ASSIGNMENT:
If you see a picture in the data below, omit it and copy the rest exactly.

....

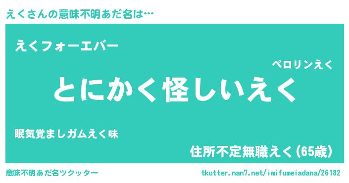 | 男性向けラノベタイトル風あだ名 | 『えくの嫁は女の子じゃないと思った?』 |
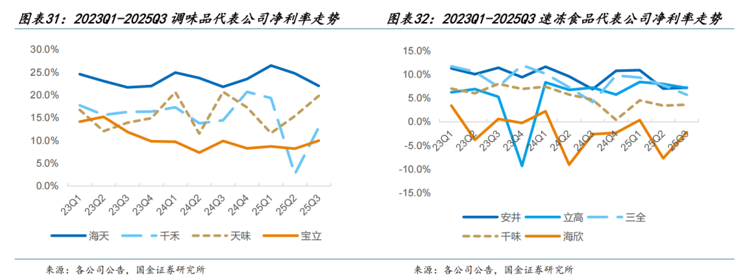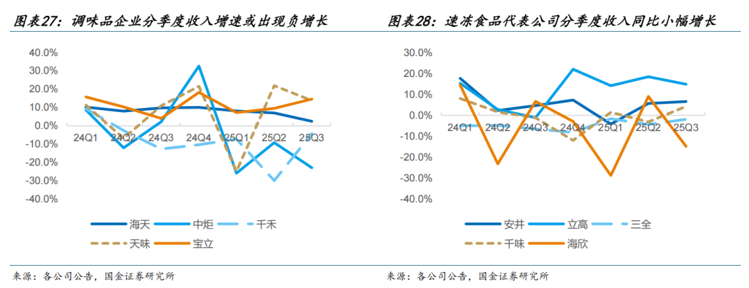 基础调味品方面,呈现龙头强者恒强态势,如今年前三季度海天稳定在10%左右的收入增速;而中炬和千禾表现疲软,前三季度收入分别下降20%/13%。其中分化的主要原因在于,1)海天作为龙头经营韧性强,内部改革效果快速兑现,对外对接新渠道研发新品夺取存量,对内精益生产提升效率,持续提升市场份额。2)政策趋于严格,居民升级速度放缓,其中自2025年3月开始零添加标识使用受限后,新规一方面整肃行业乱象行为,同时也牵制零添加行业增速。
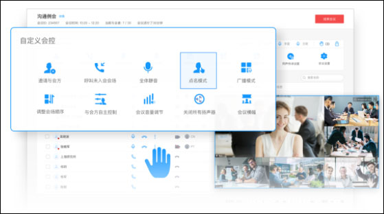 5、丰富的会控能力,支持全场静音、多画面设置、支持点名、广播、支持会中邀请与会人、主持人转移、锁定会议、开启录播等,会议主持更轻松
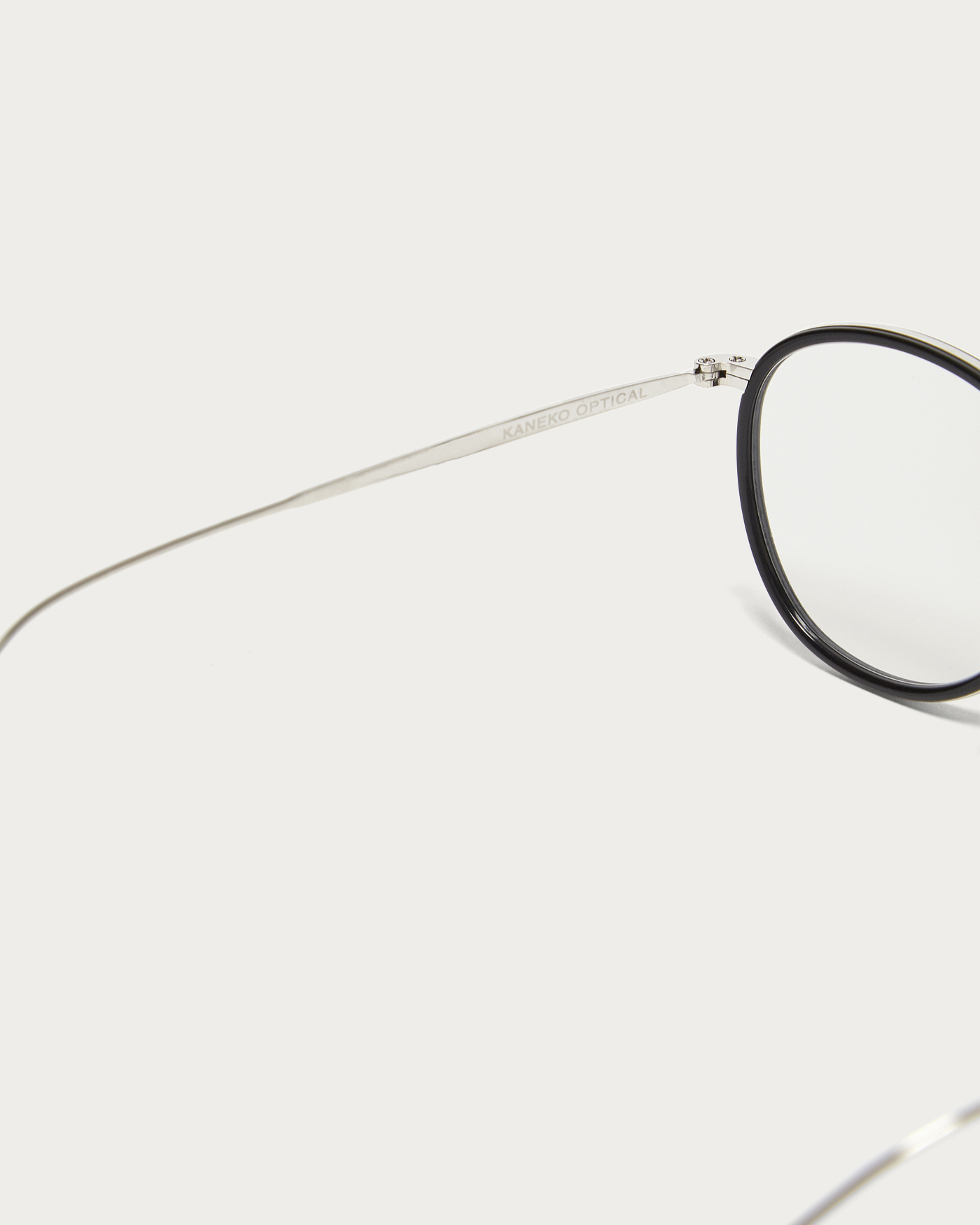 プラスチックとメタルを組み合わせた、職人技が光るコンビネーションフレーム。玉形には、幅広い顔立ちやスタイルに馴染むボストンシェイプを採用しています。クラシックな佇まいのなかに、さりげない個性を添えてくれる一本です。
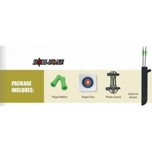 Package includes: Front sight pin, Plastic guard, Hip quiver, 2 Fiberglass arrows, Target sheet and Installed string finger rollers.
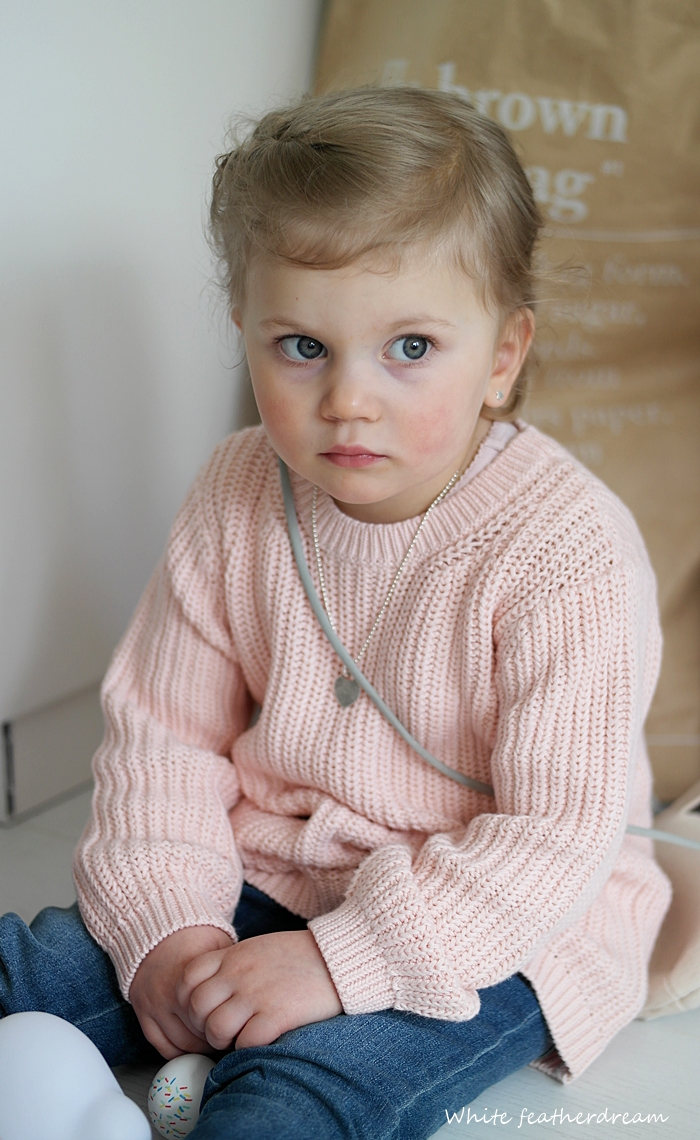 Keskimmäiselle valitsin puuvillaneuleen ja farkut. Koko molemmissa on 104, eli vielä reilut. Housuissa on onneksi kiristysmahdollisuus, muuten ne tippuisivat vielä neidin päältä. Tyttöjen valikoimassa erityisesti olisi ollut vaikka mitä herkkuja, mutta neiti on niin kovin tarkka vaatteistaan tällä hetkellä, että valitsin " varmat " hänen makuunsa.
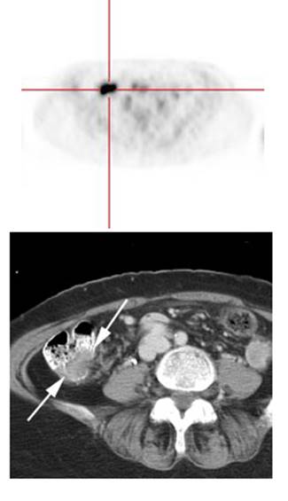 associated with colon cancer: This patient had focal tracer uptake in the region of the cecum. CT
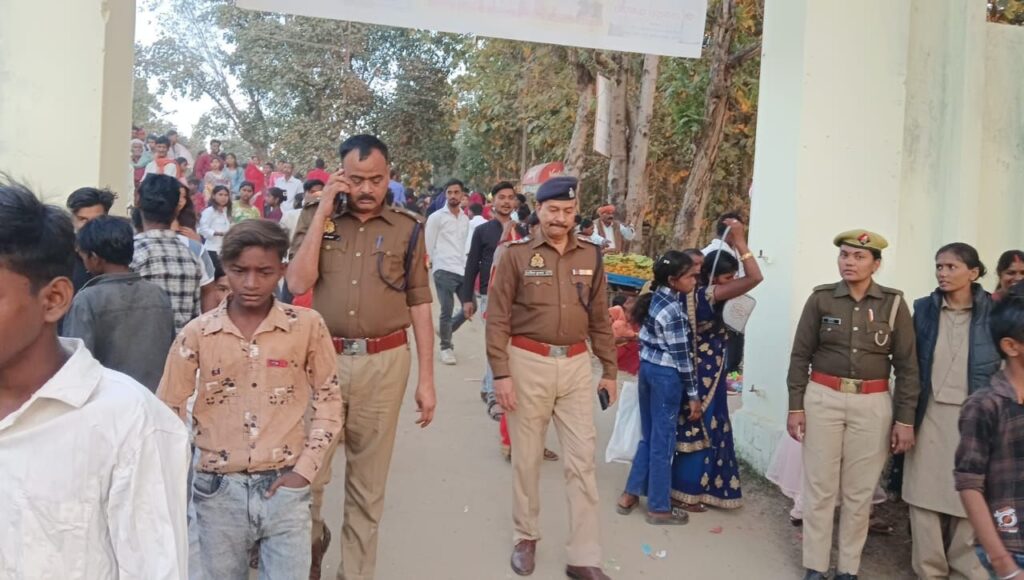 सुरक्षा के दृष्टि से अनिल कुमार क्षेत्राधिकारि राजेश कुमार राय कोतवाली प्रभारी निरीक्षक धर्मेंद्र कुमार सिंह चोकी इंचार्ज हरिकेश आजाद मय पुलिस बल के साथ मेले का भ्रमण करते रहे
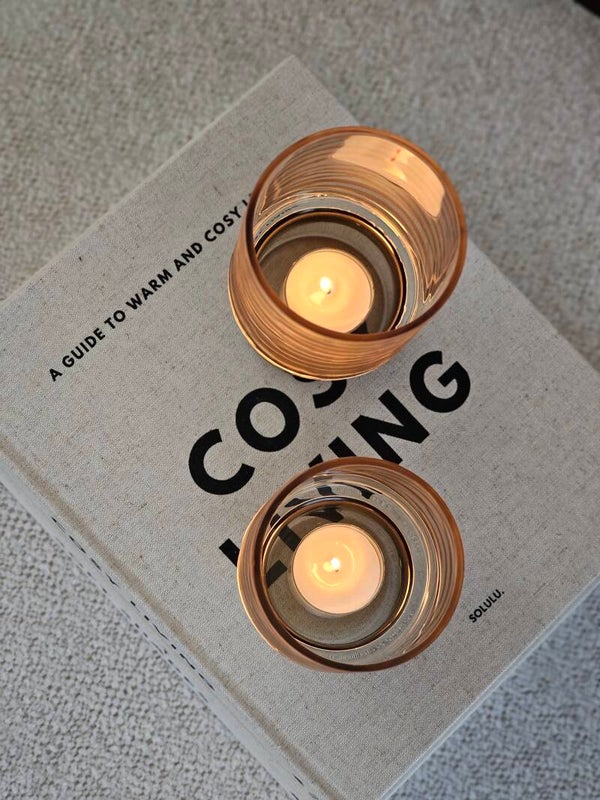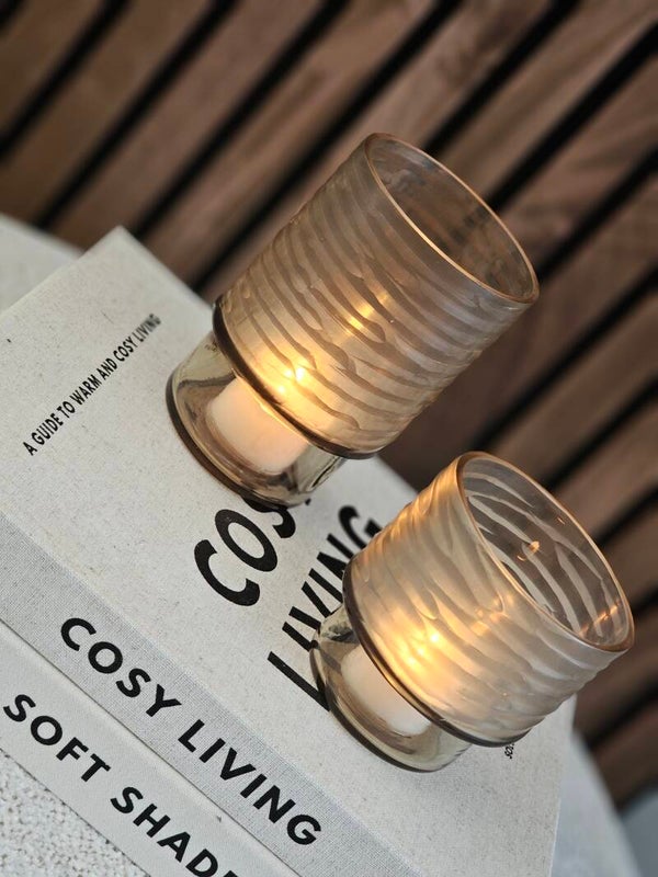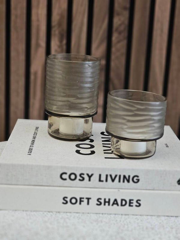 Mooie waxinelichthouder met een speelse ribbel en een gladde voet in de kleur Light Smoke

....

SOLUTION BELOW:
 | 男性向けラノベタイトル風あだ名 | 『えくの嫁は女の子じゃないと思った?』 |
 基础调味品方面,呈现龙头强者恒强态势,如今年前三季度海天稳定在10%左右的收入增速;而中炬和千禾表现疲软,前三季度收入分别下降20%/13%。其中分化的主要原因在于,1)海天作为龙头经营韧性强,内部改革效果快速兑现,对外对接新渠道研发新品夺取存量,对内精益生产提升效率,持续提升市场份额。2)政策趋于严格,居民升级速度放缓,其中自2025年3月开始零添加标识使用受限后,新规一方面整肃行业乱象行为,同时也牵制零添加行业增速。
 5、丰富的会控能力,支持全场静音、多画面设置、支持点名、广播、支持会中邀请与会人、主持人转移、锁定会议、开启录播等,会议主持更轻松
 プラスチックとメタルを組み合わせた、職人技が光るコンビネーションフレーム。玉形には、幅広い顔立ちやスタイルに馴染むボストンシェイプを採用しています。クラシックな佇まいのなかに、さりげない個性を添えてくれる一本です。
 Package includes: Front sight pin, Plastic guard, Hip quiver, 2 Fiberglass arrows, Target sheet and Installed string finger rollers.
 Keskimmäiselle valitsin puuvillaneuleen ja farkut. Koko molemmissa on 104, eli vielä reilut. Housuissa on onneksi kiristysmahdollisuus, muuten ne tippuisivat vielä neidin päältä. Tyttöjen valikoimassa erityisesti olisi ollut vaikka mitä herkkuja, mutta neiti on niin kovin tarkka vaatteistaan tällä hetkellä, että valitsin " varmat " hänen makuunsa.
 associated with colon cancer: This patient had focal tracer uptake in the region of the cecum. CT
 सुरक्षा के दृष्टि से अनिल कुमार क्षेत्राधिकारि राजेश कुमार राय कोतवाली प्रभारी निरीक्षक धर्मेंद्र कुमार सिंह चोकी इंचार्ज हरिकेश आजाद मय पुलिस बल के साथ मेले का भ्रमण करते रहे
 Mooie waxinelichthouder met een speelse ribbel en een gladde voet in de kleur Light Smoke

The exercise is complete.